It is stated that when multiplying n matrices, the number of possible cases P(n)
is equal to C(n-1)
. (C is a catalan number) At this time, C(n)
is said to be the number of different binary trees that can be created with n nodes. I do not have a cognitive understanding. I'd appreciate it if you could explain.
Please explain why the number of binary trees that can be made with n-1 nodes in n matrix multiplication is the same as the number of cases in n matrix multiplication.

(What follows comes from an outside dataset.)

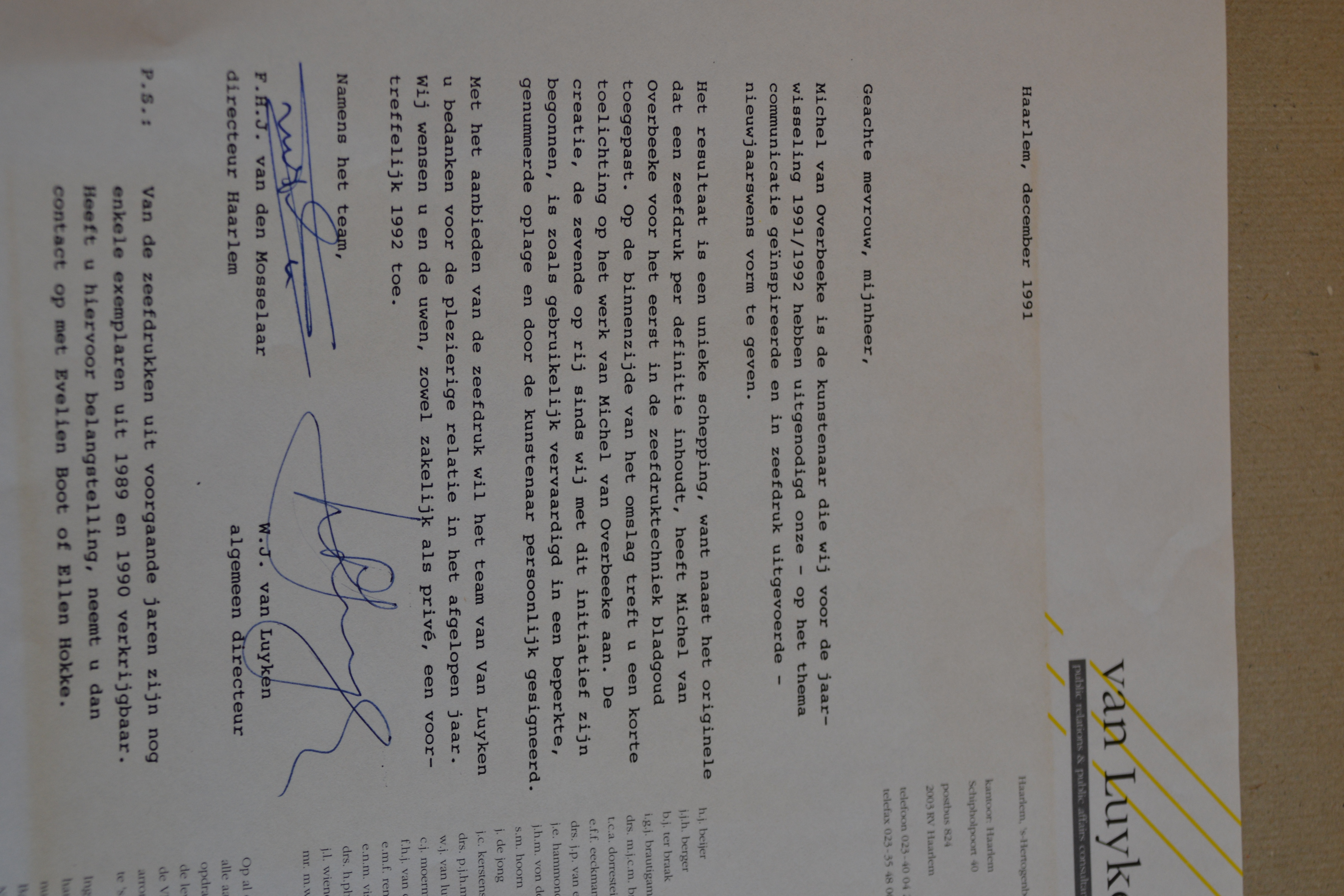 Michel van Overbeeke staat bekend om zijn glazen kroonluchters in het provinciehuis Paviljoen Welgelegen en zijn glas-in-loodraam in de Grote of St. Bavokerk te Haarlem, maar hij deed veel meer dan dat. Michel was schilder, tekenaar, fotograaf, filmer en keramist. Hij werkte graag met gemengde technieken. “In ieder medium kun je op een andere manier iets uitdrukken.”

CodePudding user response:
Understanding that takes 2 steps:
Step 1: The number of distinct ways to multiply N matrices is the number of complete binary trees with N leaves.
Note that a "complete" binary tree is one in which every node has either 0 or 2 children.
Matrix multiplication does not commute, so matrices have to be multiplied together in their original order. Each case can be formed like:
- write down all the matrices in order
- repeatedly multiply two adjacent matrices or intermediate products until only one remains.
Not all the ways of doing this are actually distinct. For instance:
ABCDE -> (AB)CDE -> (AB)C(DE) -> (ABC)(DE) -> (ABCDE)
includes exactly the same multiplications as:
ABCDE -> ABC(DE) -> (AB)C(DE) -> (ABC)(DE) -> (ABCDE)
In both cases we make products AB and DE. It doesn't matter which one we do first, because we combine them in the same ways.
You can map out any distinct case as a binary tree where each internal node is a product and the leaves are the original matrices. The tree for the above cases is:
*
/ \
* \
/ \ \
* C *
/ \ / \
A B D E
The tree shows which matrices contribute to each product formed, independent of the order in which we might actually perform them, so each different tree is actually a distinct way to multiply the matrices.
Step 2: The number of complete binary trees with N leaves is the number of binary trees with N-1 nodes
For any complete binary tree with N leaves, there are N-1 internal nodes -- one between each pair of adjacent leaves. These nodes themselves form a (not necessarily complete) binary tree. The * nodes in the tree above are an example.
For any binary tree with N-1 nodes, there is exactly one way to attach N leaves in order to form a complete tree. The original tree has N free positions for children, so you have to fill them all.
The number of complete binary trees with N leaves is therefore equal to the number of binary trees with N-1 nodes, because there is a one-to-one correspondence between these things.